» **Work order**
In the listing that follows, print every line exactly and leave the images out.

» **Recorded information**
- Opening Delimiter -

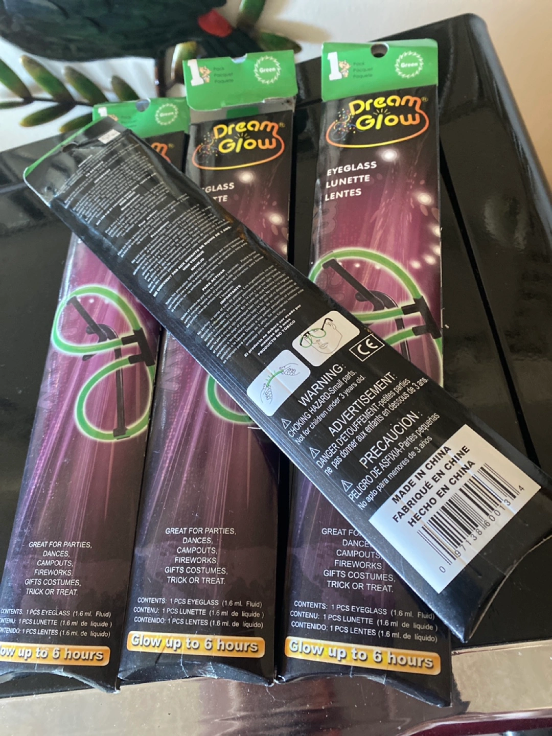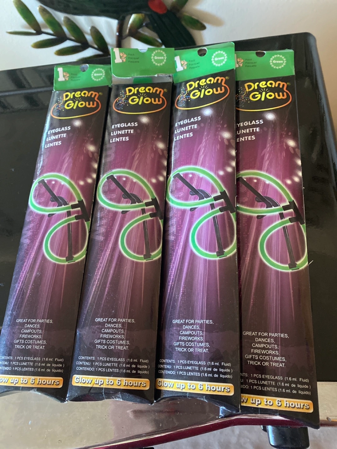 Four packages of Dream Glow eyeglass lentes. Great for parties, campouts, dances, fireworks, gifts, costumes, and trick-or-treat. Glow sticks last up to 6 hours. Made in China.
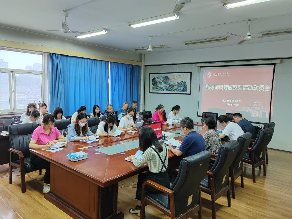 为深入贯彻落实陕西省教育厅《关于在全省教育系统开展师德集中学习教育等相关工作的通知》文件精神,化工与纺织服装学院于7月3日下午在崇文楼811会议室召开师德师风专题活动动员会,全体教职工参加会议,会议由党总支书记贾格维主持。
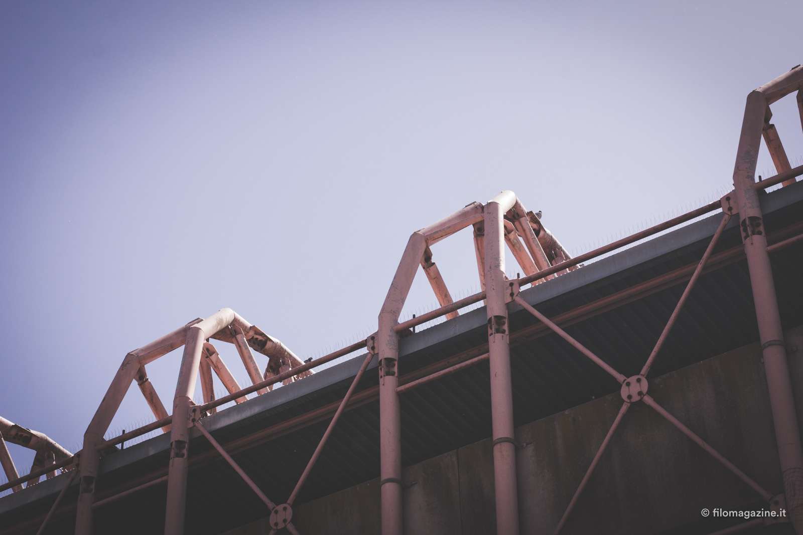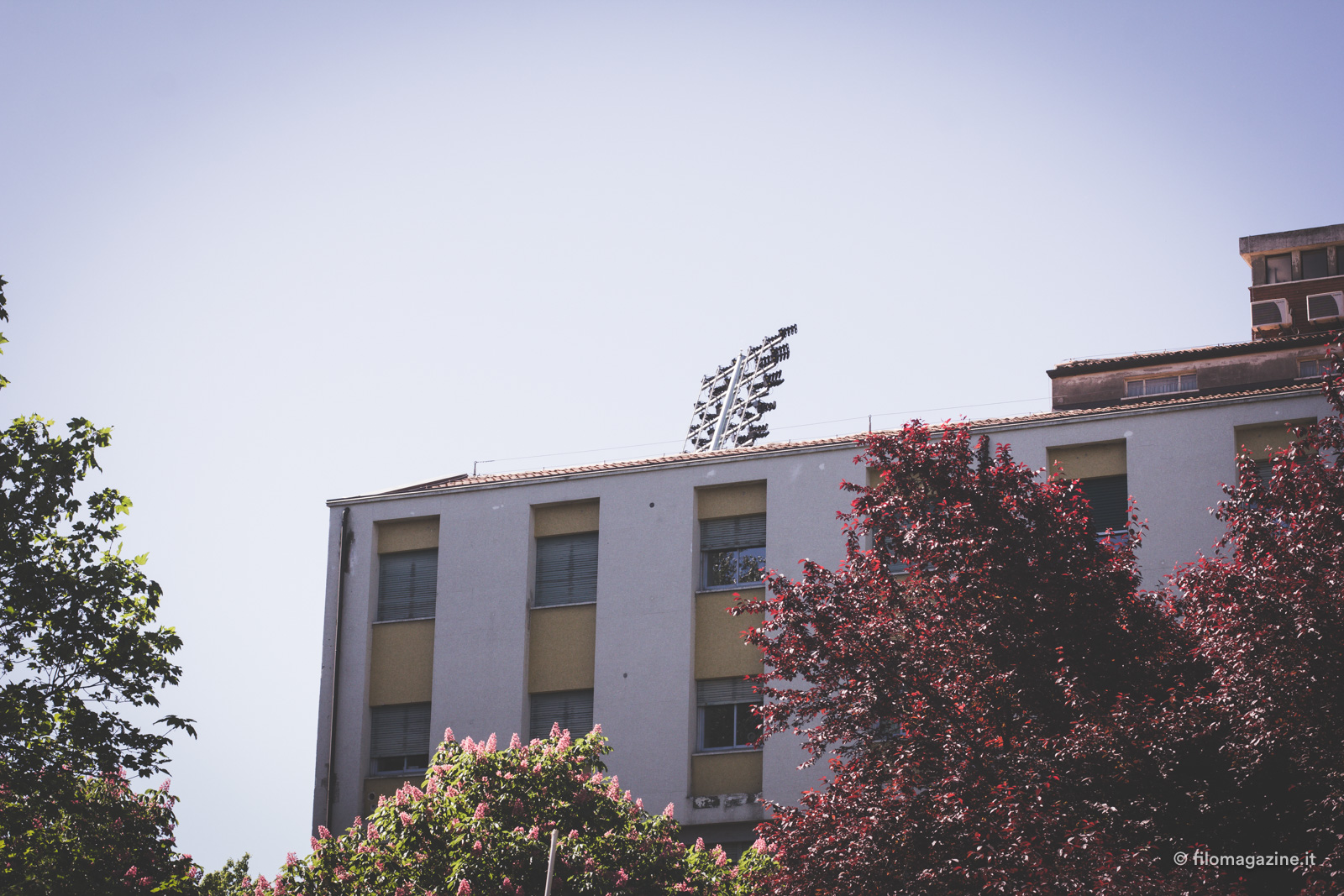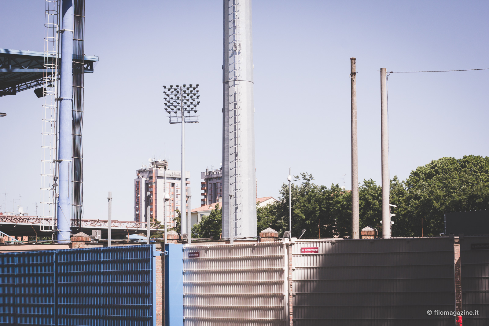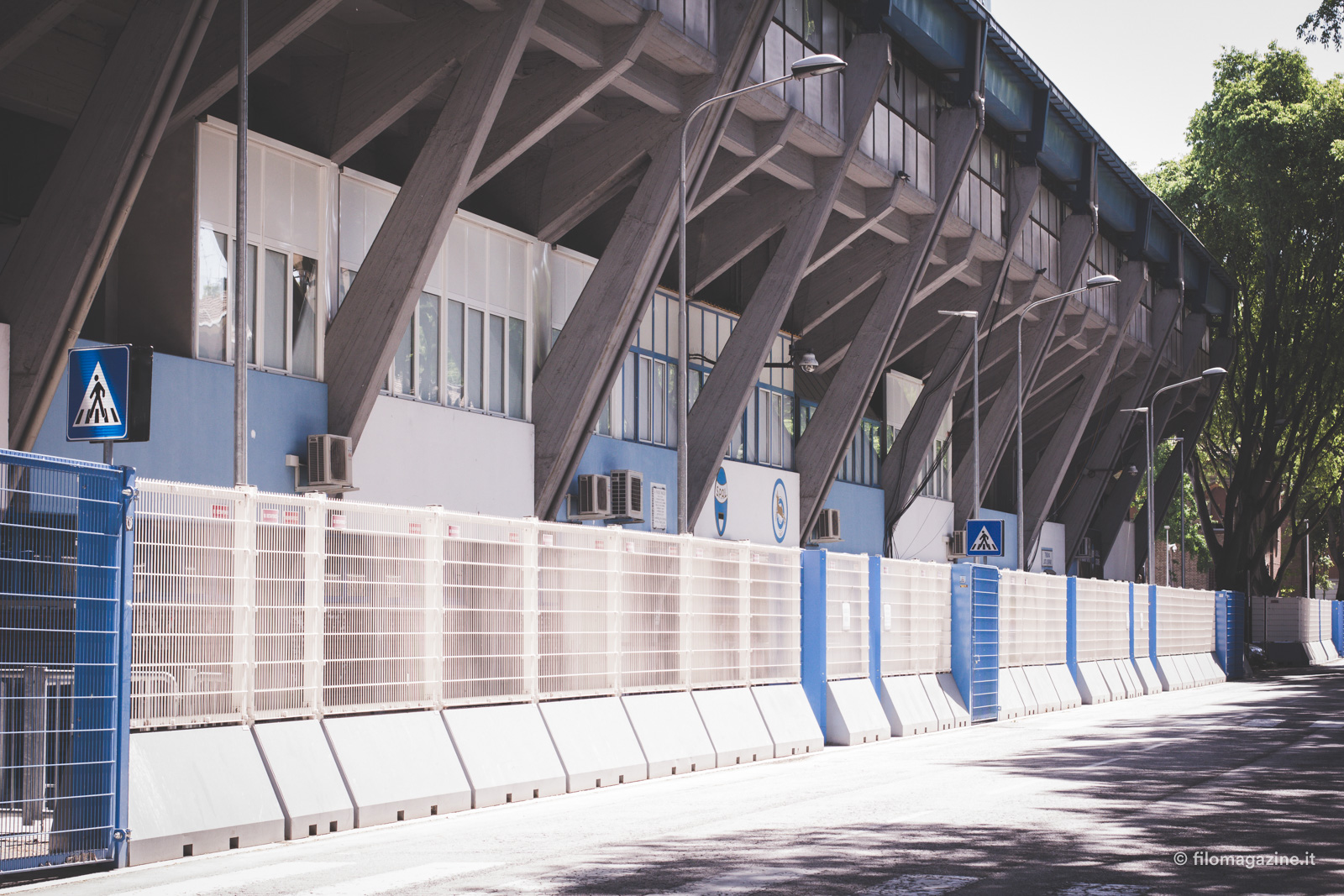 Tempio profano dove liberare pensieri, parole e gesti figli del caos, o luogo di culto da frequentare obbedendo rigorosamente ai suoi precetti non scritti, lo stadio rappresenta un elemento che racconta tanto dei nostri modi di rapportarci alle cose. La materialità della sua forma sembra indicarci un presidio nel quale trovare riparo, mentre il tessuto urbano è in movimento. Una certezza da coltivare periodicamente, che magari si misura dalla forza di resistere alle intemperie, perfino dalla ruggine che invade gli angoli delle sue strutture. Eppure, quella capacità di contenere il tempo passa in secondo piano quando ci si accorge che più che un contenitore, lo stadio è un distributore di contenuti. Ogni volta, scandito da una partita diversa, da una gioia, da un rammarico, da un’attesa insperata, quell’insieme assemblato di segmenti di cemento e metallo, restituisce qualcosa in chi guarda. E sta alla sensibilità percettiva degli occhi dello spettatore, cogliere il regalo elargito.

- Closing Delimiter -

» **Response box**
 Four packages of Dream Glow eyeglass lentes. Great for parties, campouts, dances, fireworks, gifts, costumes, and trick-or-treat. Glow sticks last up to 6 hours. Made in China.
 为深入贯彻落实陕西省教育厅《关于在全省教育系统开展师德集中学习教育等相关工作的通知》文件精神,化工与纺织服装学院于7月3日下午在崇文楼811会议室召开师德师风专题活动动员会,全体教职工参加会议,会议由党总支书记贾格维主持。
 Tempio profano dove liberare pensieri, parole e gesti figli del caos, o luogo di culto da frequentare obbedendo rigorosamente ai suoi precetti non scritti, lo stadio rappresenta un elemento che racconta tanto dei nostri modi di rapportarci alle cose. La materialità della sua forma sembra indicarci un presidio nel quale trovare riparo, mentre il tessuto urbano è in movimento. Una certezza da coltivare periodicamente, che magari si misura dalla forza di resistere alle intemperie, perfino dalla ruggine che invade gli angoli delle sue strutture. Eppure, quella capacità di contenere il tempo passa in secondo piano quando ci si accorge che più che un contenitore, lo stadio è un distributore di contenuti. Ogni volta, scandito da una partita diversa, da una gioia, da un rammarico, da un’attesa insperata, quell’insieme assemblato di segmenti di cemento e metallo, restituisce qualcosa in chi guarda. E sta alla sensibilità percettiva degli occhi dello spettatore, cogliere il regalo elargito.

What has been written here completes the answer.